You'll want something along the lines of QA-C++ (http://www.programmingresearch.com/QACPP_MAIN.html), also see http://en.wikipedia.org/wiki/List_of_tools_for_static_code_analysis for similar products.

You're looking for a static code analysis tool that detects unreachable code; many coding guidelines (such as MISRA-C++, if I'm not mistaken) require that no unreachable code exists. An analysis tool geared specifically to enforce such a guideline would be your best bet.

And you'll like be able to find other uses for the tool as well.

Find unused functions in a C project by static analysis

When GCC says "will never be executed", it means it. You may have a bug that, in fact, does make that dead code. For example, something like:

if (a = 42) {
// some code
} else {
// warning: unreachable code
}

Without seeing the code it's not possible to be specific, of course.

Note that if there is a macro at line 666, it's possible GCC refers to a part of that macro as well.

Dynamic dead code elimination tools for complex C++ projects

You might want to look at the code coverage tools that are used in testing. The idea of these tools is that they instrument the code and after running the set of tests you know what lines of code were executed at least once and what lines were never executed. After that you can improve tests.

The same thing can be used to identify dead code in case if you have diverse enough execution environment.

How can I know which parts in the code are never used?

There are two varieties of unused code:

  • the local one, that is, in some functions some paths or variables are unused (or used but in no meaningful way, like written but never read)
  • the global one: functions that are never called, global objects that are never accessed

For the first kind, a good compiler can help:

  • -Wunused (GCC, Clang) should warn about unused variables, Clang unused analyzer has even been incremented to warn about variables that are never read (even though used).
  • -Wunreachable-code (older GCC, removed in 2010) should warn about local blocks that are never accessed (it happens with early returns or conditions that always evaluate to true)
  • there is no option I know of to warn about unused catch blocks, because the compiler generally cannot prove that no exception will be thrown.

For the second kind, it's much more difficult. Statically it requires whole program analysis, and even though link time optimization may actually remove dead code, in practice the program has been so much transformed at the time it is performed that it is near impossible to convey meaningful information to the user.

There are therefore two approaches:

  • The theoretic one is to use a static analyzer. A piece of software that will examine the whole code at once in great detail and find all the flow paths. In practice I don't know any that would work here.
  • The pragmatic one is to use an heuristic: use a code coverage tool (in the GNU chain it's gcov. Note that specific flags should be passed during compilation for it to work properly). You run the code coverage tool with a good set of varied inputs (your unit-tests or non-regression tests), the dead code is necessarily within the unreached code... and so you can start from here.

If you are extremely interested in the subject, and have the time and inclination to actually work out a tool by yourself, I would suggest using the Clang libraries to build such a tool.

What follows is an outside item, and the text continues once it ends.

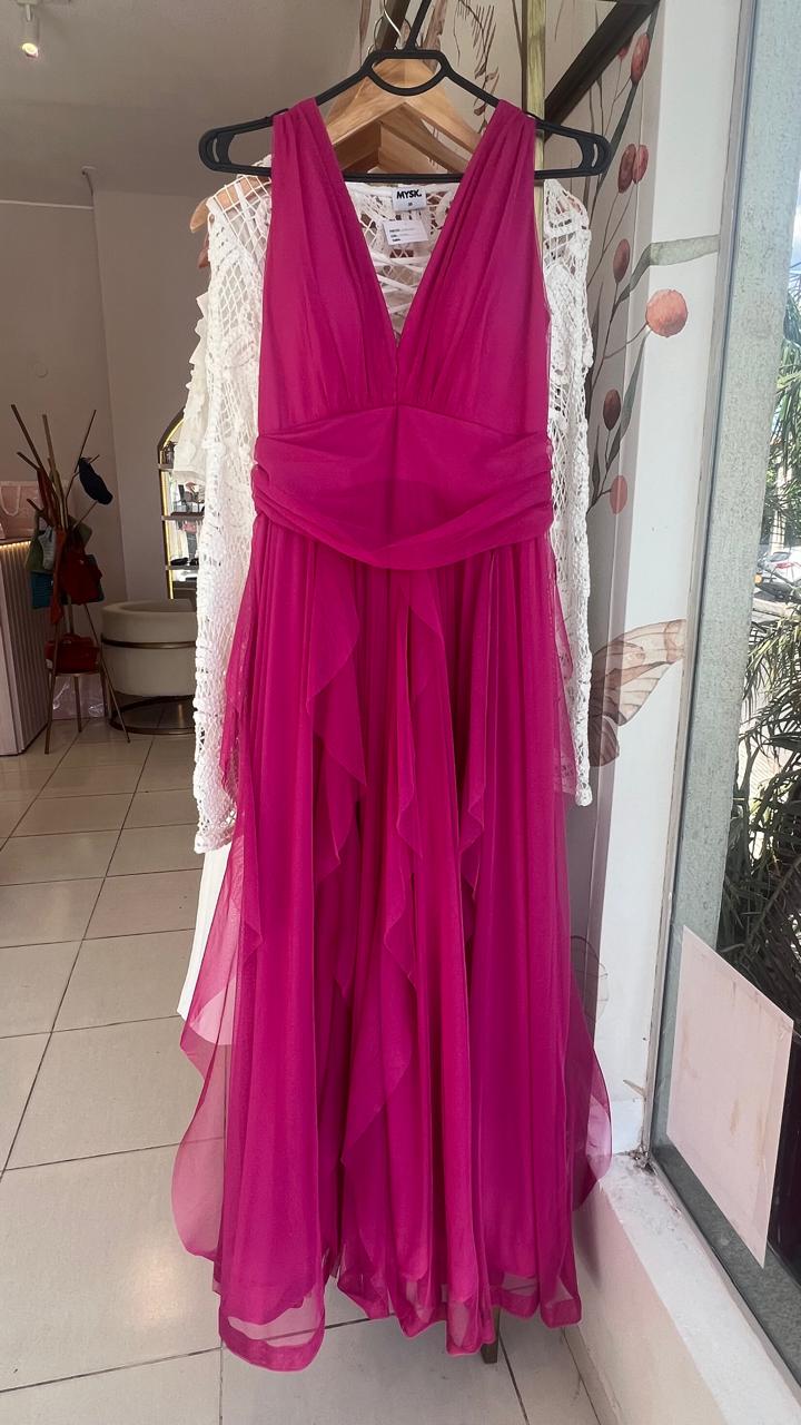 VESTIDO MAGENTA TUL CAPITAS TALLE XG
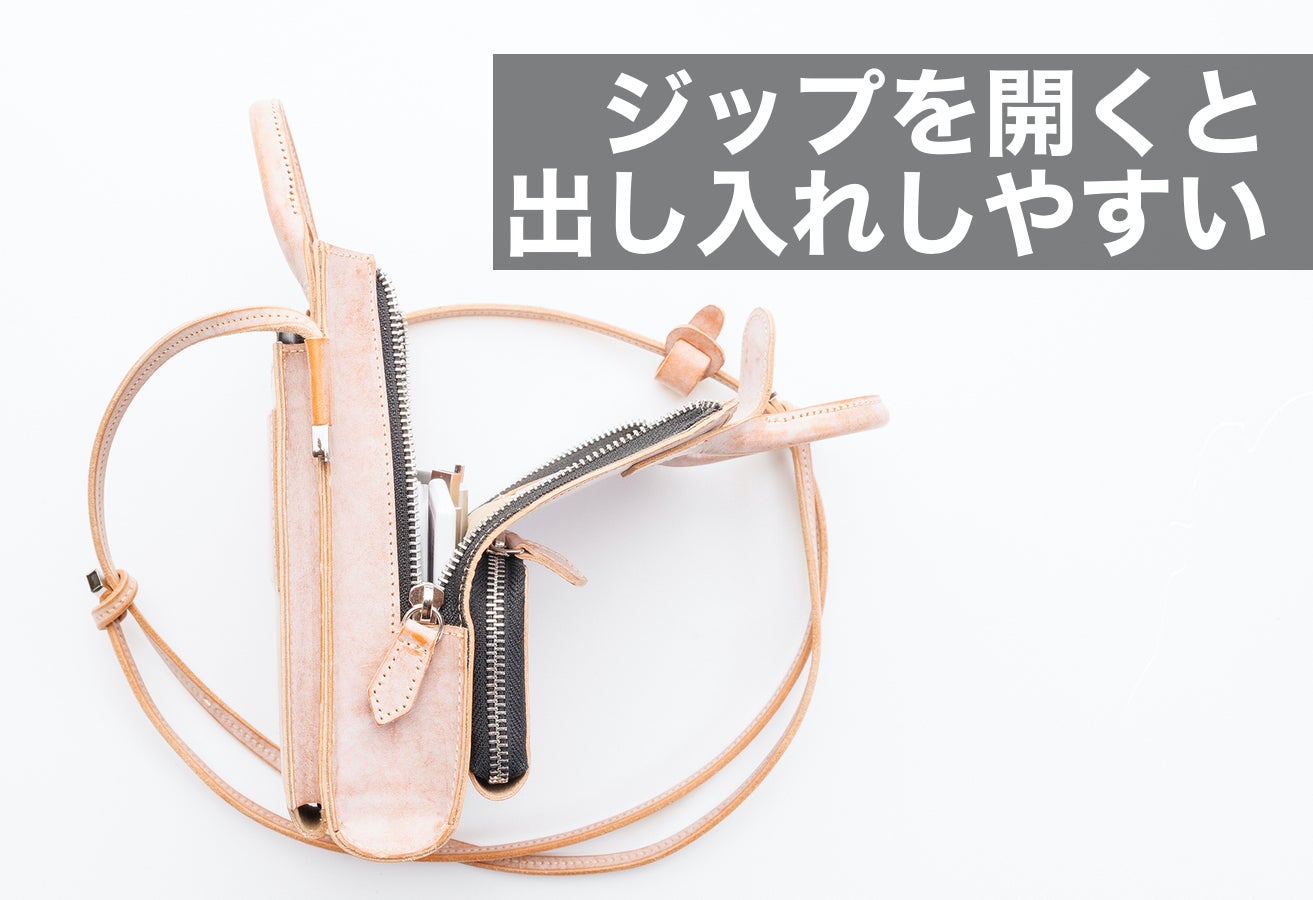 レザーは経年変化が楽しめる、イタリアトスカーナの高級レザーを使用した大人のスマホポーチ。ZIPを開くとボディーが折れる構造で使いやすさと収納力UPを実現しています。

  1. Use the Clang library to get an AST (abstract syntax tree)
  2. Perform a mark-and-sweep analysis from the entry points onward

Because Clang will parse the code for you, and perform overload resolution, you won't have to deal with the C++ languages rules, and you'll be able to concentrate on the problem at hand.

However this kind of technique cannot identify the virtual overrides that are unused, since they could be called by third-party code you cannot reason about.

What do you do with unused code in your legacy applications?

  1. Mark it obsolete. http://msdn.microsoft.com/en-us/library/aa664623%28VS.71%29.aspx
  2. Next cycle, comment the code out & make appropriate remarks. Set a region around the code block so that it collapses nicely & doesn't eat up a lot of visual space.
  3. Next cycle, delete the code.

This way you don't surprise your teammates too badly if you need to deprecate some code that you're assigned to but which they need to make calls to. But allows you to make those needed changes!